Gentian Hervetus (Hervet) (1499 at Olivet, near Orléans – 12 September 1584 at Reims) was a French Roman Catholic theologian, humanist and controversialist.

==Life==

After studying the humanities at Orléans, he went to Paris, where he became tutor of Claude d'Aubespine, and afterwards, secretary of state. Here he became acquainted with Thomas Lupset, an Englishman, whom he later followed to England, where he was charged with the education of a brother of Cardinal Reginald Pole. He accompanied his scholar to Rome, where he remained some time in the house of Cardinal Pole, occupying himself chiefly with the Latin translation of various Greek Fathers (translations of Clement of Alexandria, John Chrysostom, Theodoret, Palladius of Helenopolis, Nicholas Cabasilas and apostolic canons). Apparently Hervet made use of and circulated a manuscript of Jean du Tillet containing Balsamon's commentaries on the canons

Returning to France, he taught the humanities for a short time at a college in Bordeaux, the College of Guienne, and then went back to Rome to become secretary to Cardinal Cervini, the future Pope Marcellus II. In 1546 he accompanied this cardinal to the Council of Trent, and delivered an oration against clandestine marriages.

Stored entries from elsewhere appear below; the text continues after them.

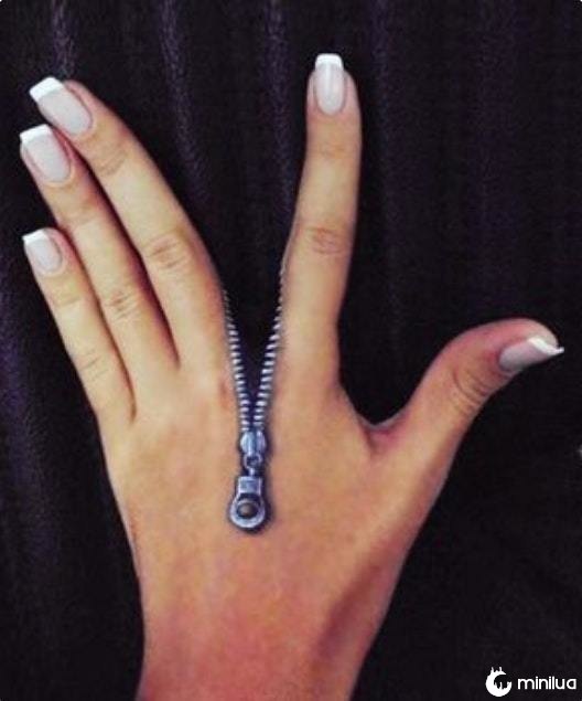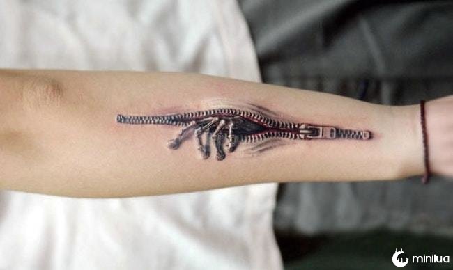 Nunca vimos um zíper em forma de tatuagem que seja tão chocante quanto este. Além disso, o fundo preto dá a ilusão extra de que a mão está dividida quase pela metade. E o zíper parece parece muito realista.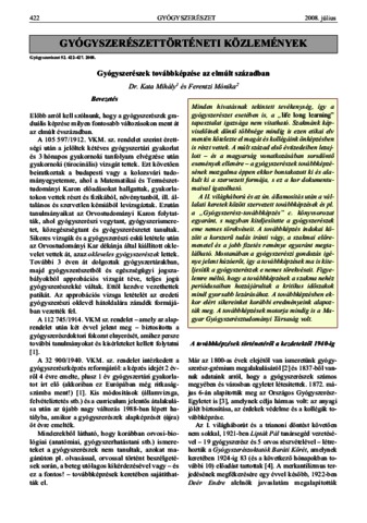 Kata, Mihály and Ferentzi, Mónika (2008) Gyógyszerészek továbbképzése az elmúlt században. GYÓGYSZERÉSZET, 52 (7). pp. 422-427. ISSN 0017-6036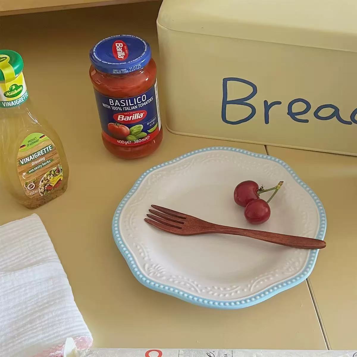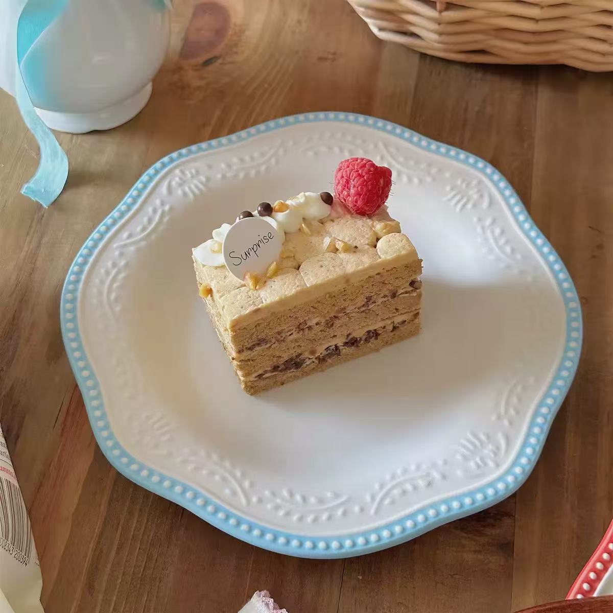 Ins 스타일 프랑스 복고풍 레이스 양각 디너 플레이트 홈 컵과 접시 세라믹 식기 간단한 플레이트 디저트 플레이트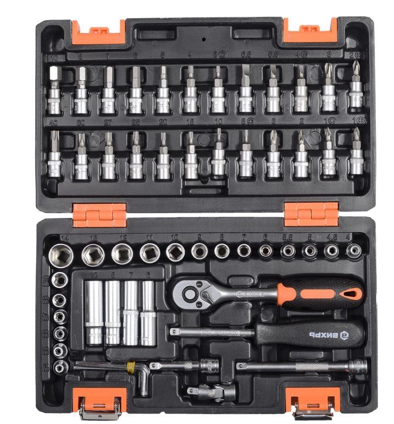 Набор инструментов ВИХРЬ, 1/4", 57 предм, кейс. Ключ трещоточный 1/4"" CrV, PP+TPR. Кардан 1/4"" CrV. Удлинитель CrV 1/4"" 50 мм, 100 мм. Отвертка-держатель 1/4"" CrV. Комплект шестигранных ключей 1.5мм, 2.0мм, 2.5мм, 3.0мм, 4.0мм Головки торцевые CrV 1/4"" 4, 4.5, 5, 5.5, 6, 7, 8, 9, 10, 11, 12, 13, 14 +удлинённые 6, 7, 8, 10. Головки торцевые S2 1/4"" со вставкой Т8, T10, Т15, Т20, Т25, Т27, Т30, Т40 H3, H4, H5, H6, H7, H8, H10 SL4, SL5.5, SL6,5 PH1, PH2, PH3 PZ1, PZ2, PZ3. Головки торцевые CrV 1/4"" E4; E5; E6; E7; E8; E10.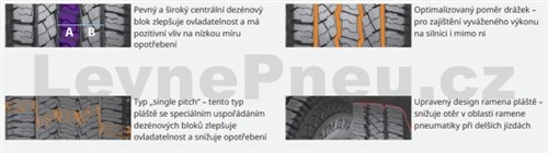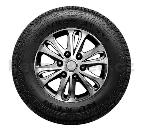 Popis produktu: Nexen Roadian AT 4X4 je prémiová celoroční pneumatika určená pro terénní vozidla, SUV a lehké nákladní vozy. Tato pneumatika nabízí vynikající jízdní vlastnosti na různých površích, včetně silnic a terénu, díky optimalizovanému poměru drážek, který zajišťuje vyvážený výkon na silnici i mimo ni. Široké a pevné středové bloky zlepšují ovladatelnost a brzdný výkon, zatímco zvýšená tuhost ramenních bloků přispívá k lepší stabilitě při zatáčení. Design s jedním typem rozteče zabraňuje nepravidelnému opotřebení a prodlužuje životnost pneumatiky. Zvýšený profil na vnější straně ramene chrání pneumatiku před nadměrným opotřebením při intenzivním používání v terénu.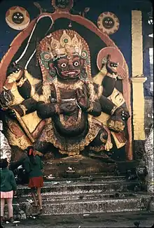 Bhairava ou Kâlabhairava est notamment l'épithète du dieu hindou Shiva sous sa forme terrifiante[3], portant le crâne de Brahma, un autre dieu de la Trimûrti, la trinité hindoue. Shiva avait en effet coupé la cinquième tête de Brahmâ, tête coupable de désir incestueux envers sa fille et femme (née de sa seule pensée), Sarasvatî. Pour se purifier de cet acte sanglant, Shiva fut contraint à errer, fou de remords[réf. nécessaire], comme un mendiant à travers l'univers en tenant la tête de Brahma pendant des années pour expier cette faute.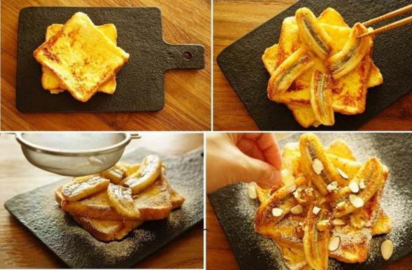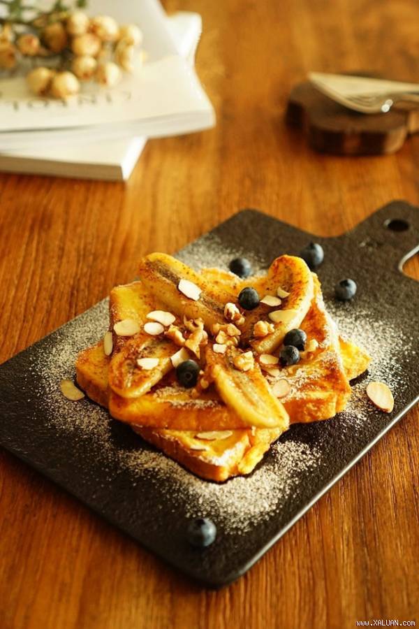Gắp bánh mì ra đĩa, xếp chuối chiên lên trên, rây đường bột và rắc bột quế, hạnh nhân lên trên là xong.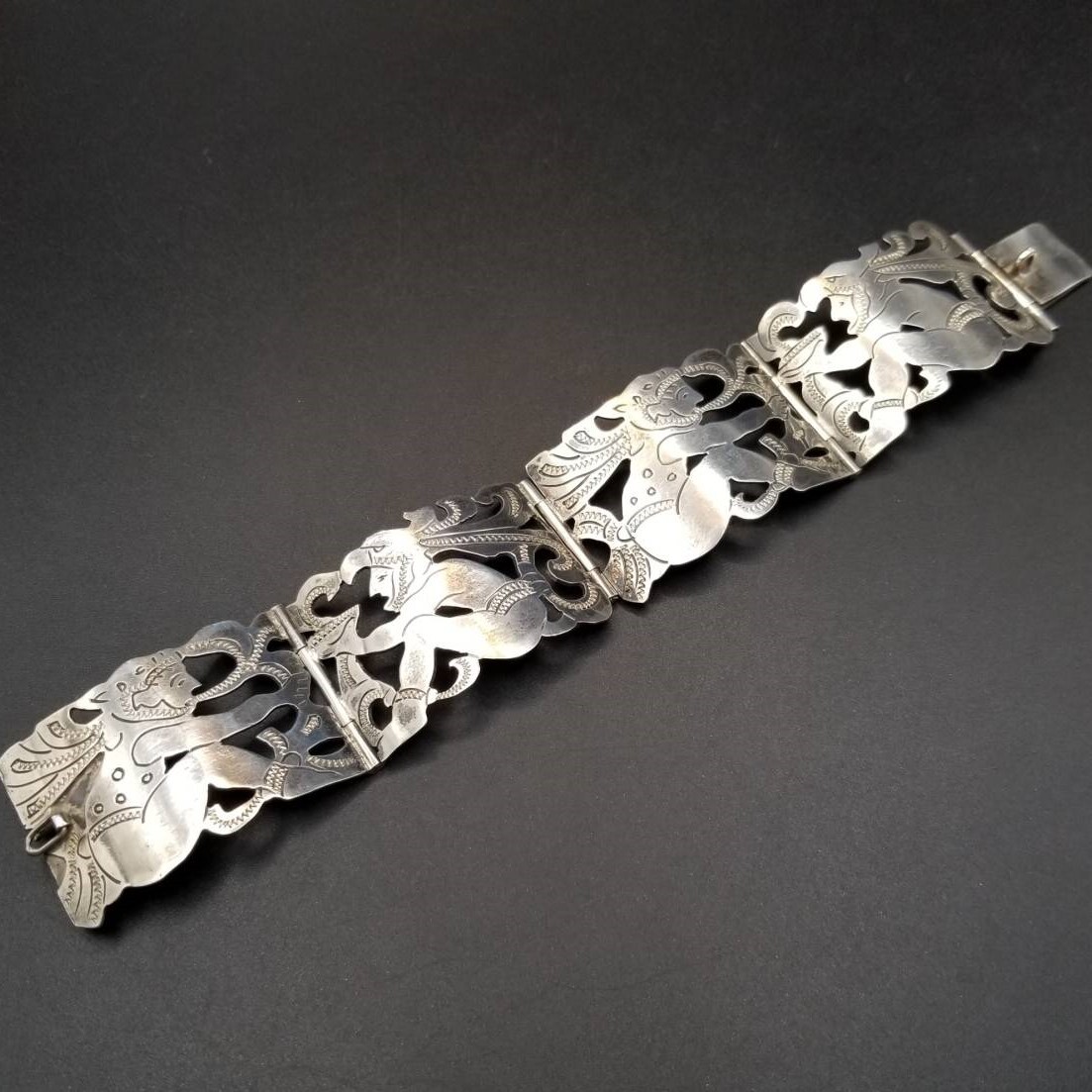 - R&M Guatemala マヤ文明 鷲頭の戦士 パネルチェーン ヴィンテージ ブレスレット 925 シルバー 銀 極幅広 オープンワーク 23-V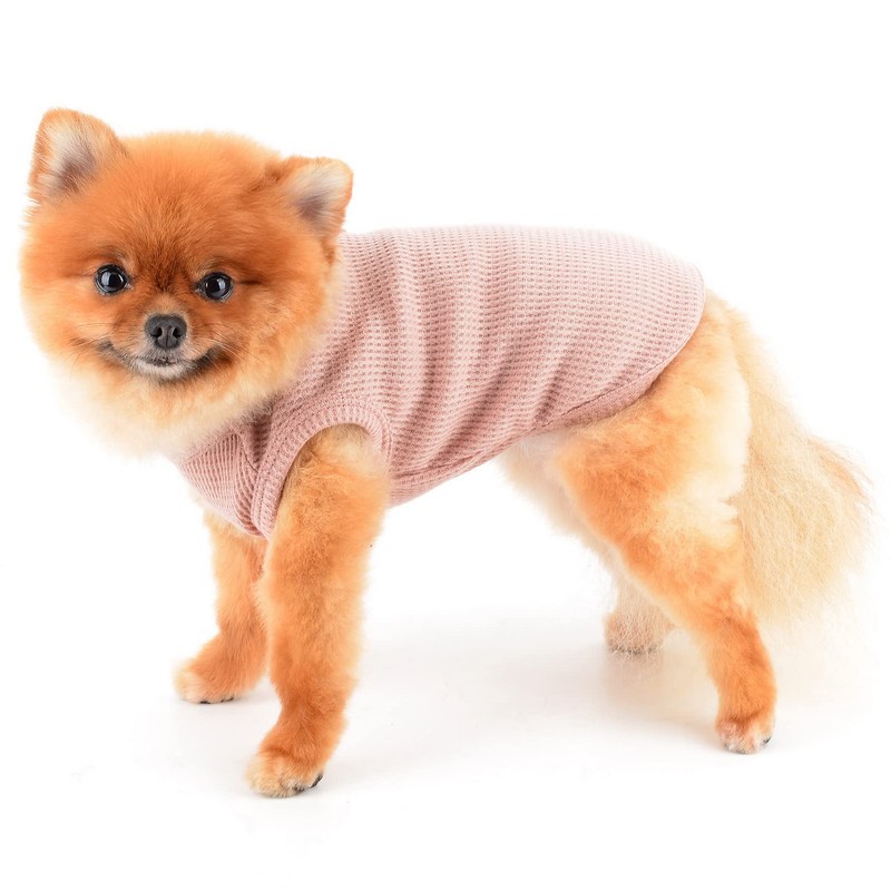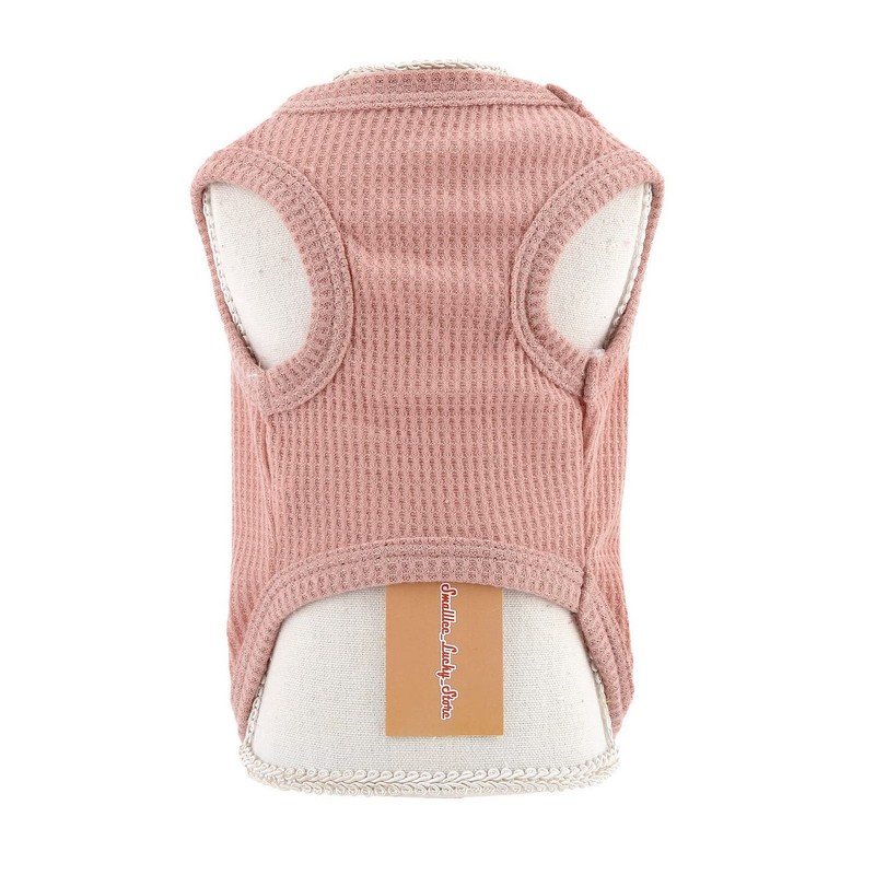 SMALLLEE_LUCKY_STORE Cute Bear Waffle Knit Tank Top Puppy T-shirt for Small Dogs Cats Boy Girl Stretchy Tee Shirt Vest Yorkie Chihuahua Pet Summer Clothes,Pink,M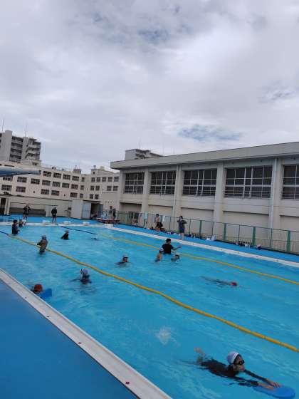 朝一からのプールですが気温もよい感じで、5・6年の子どもたち、とてもいきいきと活動しています。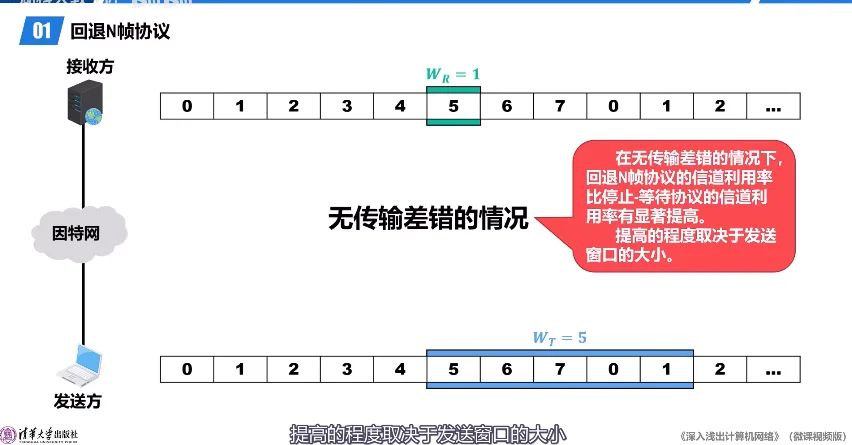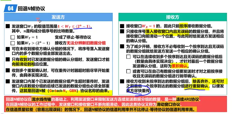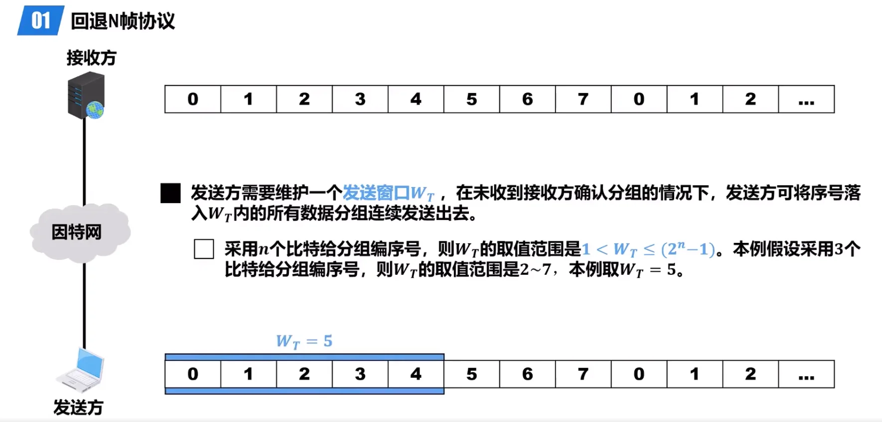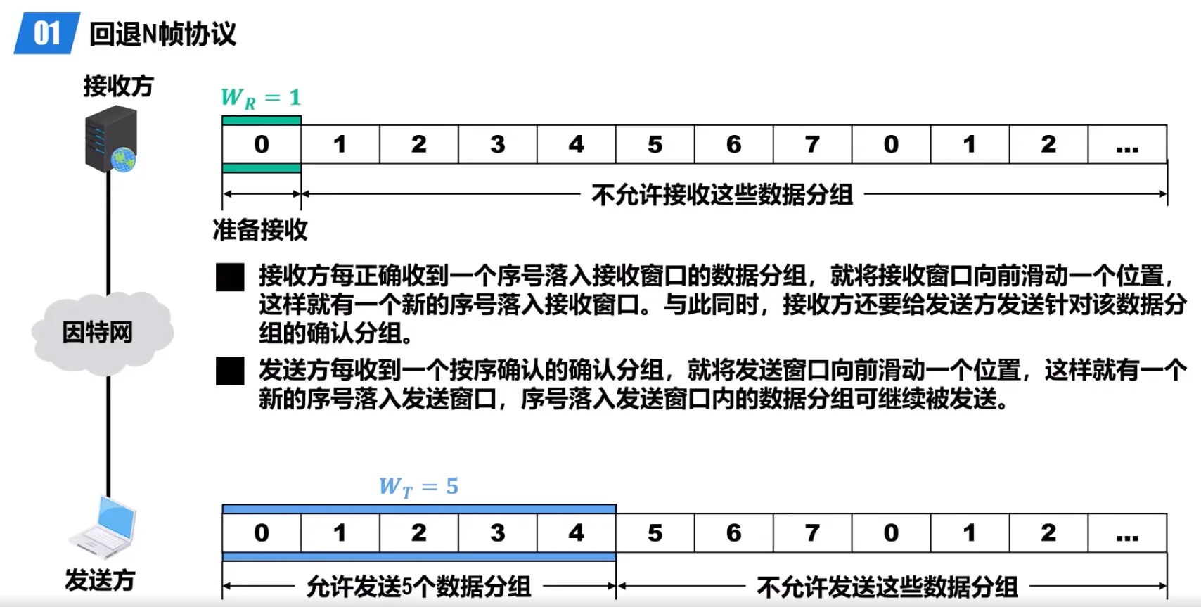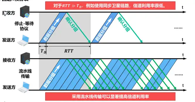 - 在使用流水线传输方式时,发送方不能无限制地连续发送数据分组,否则可能会导致网络中的路由器或接收方来不及处理这些数据分组,进而导致数据分组的丢失,这实际上是对网络资源的浪费。(限制发送数量)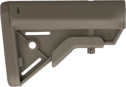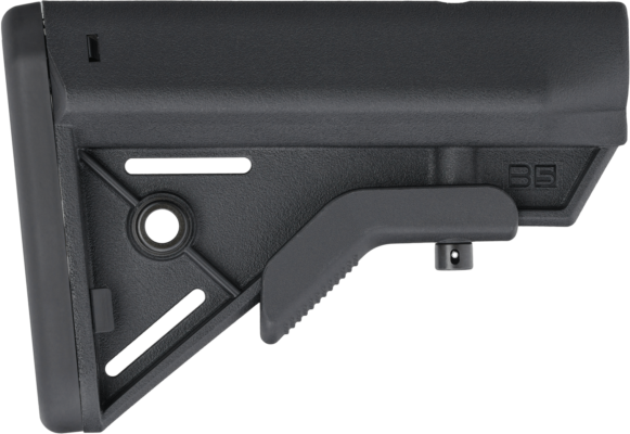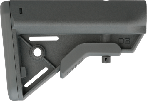 The B5 Systems Bravo is a lightweight, compact collapsible buttstock designed for AR-15 platform rifles with mil-spec receiver extensions. It features a raised cheek piece, quick-detach sling mount, anti-rotation design, and Sure Grip texture for secure handling. The stock is made of polymer and does not include a buffer tube.

In 1556, when he was already fifty-seven years old, he was ordained as a priest. Soon after, he became Vicar-General of the diocese of Noyon and received a canonry at Reims. As pastor he preached against the Calvinists and wrote numerous pamphlets against them. In 1562 he returned to the Council of Trent in the company of Cardinal Charles of Lorraine.

==Works==

He is the author of "Le saint, universel et general concile de Trente" (Reims, 1564, Rouen, 1583; Paris, 1584), and numerous controversial pamphlets. He also translated into Latin and French many works of the Greek Fathers, collections of canons, decrees of councils, etc.

In 1555, Hervetus published a Latin translation of Theodoret's Historia religiosa and Palladius' Lausiac History. In 1569, he published another Latin translation, this one of the works of the Pyrrhonist philosopher Sextus Empiricus. In the preface, he wrote that in these works were the answer to the Calvinists.